The Swedish Model
It's the free-market reforms, stupid.
By JOHNNY MUNKHAMMAR
In a Europe plagued by debt crises, one country has no budget deficit at all and is currently returning to surplus. This same country is consistently among Europe's fastest growing economies, with GDP growth set to hit 4% this year.
That country is Sweden. For many years, foreign policy-makers have pointed to Sweden as a positive model to follow, making Swedes like me proud. Too often, though, foreigners have drawn the wrong lessons from Sweden's success. For instance, whenever I give a lecture, anywhere in Europe, about economic reform, I always get the following response: "But you come from Sweden, which is socialist and successful—why should we launch free-market policies ?"
The simple truth is that Sweden is not socialist. According to the World Values Survey and other similar studies, Sweden combines one of the highest degrees of individualism in the world, solid trust in well-functioning institutions, and a high degree of social cohesion. Among the 160 countries studied in the Index of Economic Freedom, Sweden ranks 21st, and is one of the few countries that increased its economic freedoms during the financial crisis. Sweden gets higher scores for liberal markets than Germany and Belgium, or reformers such as Cyprus and Georgia.

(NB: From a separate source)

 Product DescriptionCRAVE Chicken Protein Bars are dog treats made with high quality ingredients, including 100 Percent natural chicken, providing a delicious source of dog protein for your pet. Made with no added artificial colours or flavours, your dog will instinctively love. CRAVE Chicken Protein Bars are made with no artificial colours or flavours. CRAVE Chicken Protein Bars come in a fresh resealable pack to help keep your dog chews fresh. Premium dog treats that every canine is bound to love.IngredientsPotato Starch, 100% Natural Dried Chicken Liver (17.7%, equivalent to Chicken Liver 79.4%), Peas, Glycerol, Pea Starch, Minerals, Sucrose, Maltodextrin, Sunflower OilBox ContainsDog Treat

It's true that Sweden wasn't always so free. But Sweden's socialism lasted only for a couple of decades, roughly during the 1970s and 1980s. And as it happens, these decades mark the only break in the modern Swedish success story.

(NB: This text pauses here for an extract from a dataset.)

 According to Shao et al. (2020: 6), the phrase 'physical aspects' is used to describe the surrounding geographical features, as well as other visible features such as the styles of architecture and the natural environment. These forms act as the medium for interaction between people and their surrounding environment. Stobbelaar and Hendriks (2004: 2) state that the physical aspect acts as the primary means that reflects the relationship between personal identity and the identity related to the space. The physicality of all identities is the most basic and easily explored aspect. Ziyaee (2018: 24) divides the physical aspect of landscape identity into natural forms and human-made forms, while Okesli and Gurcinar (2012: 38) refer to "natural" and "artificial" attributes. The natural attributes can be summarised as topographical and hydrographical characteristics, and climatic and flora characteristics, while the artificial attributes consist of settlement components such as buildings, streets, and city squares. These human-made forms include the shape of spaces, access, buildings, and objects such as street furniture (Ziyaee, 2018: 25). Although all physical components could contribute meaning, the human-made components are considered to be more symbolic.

In the mid-1800s, Sweden was one of the poorest and underdeveloped countries in Europe. Then, Finance Minister Johan August Gripenstedt, a proponent of de Tocqueville and Bastiat, launched far-reaching economic reforms that forged Sweden's transition to capitalism. Sweden was opened up to the world, to free trade, and to migration. Free enterprise and free competition were introduced. In particular, the financial sector was deregulated.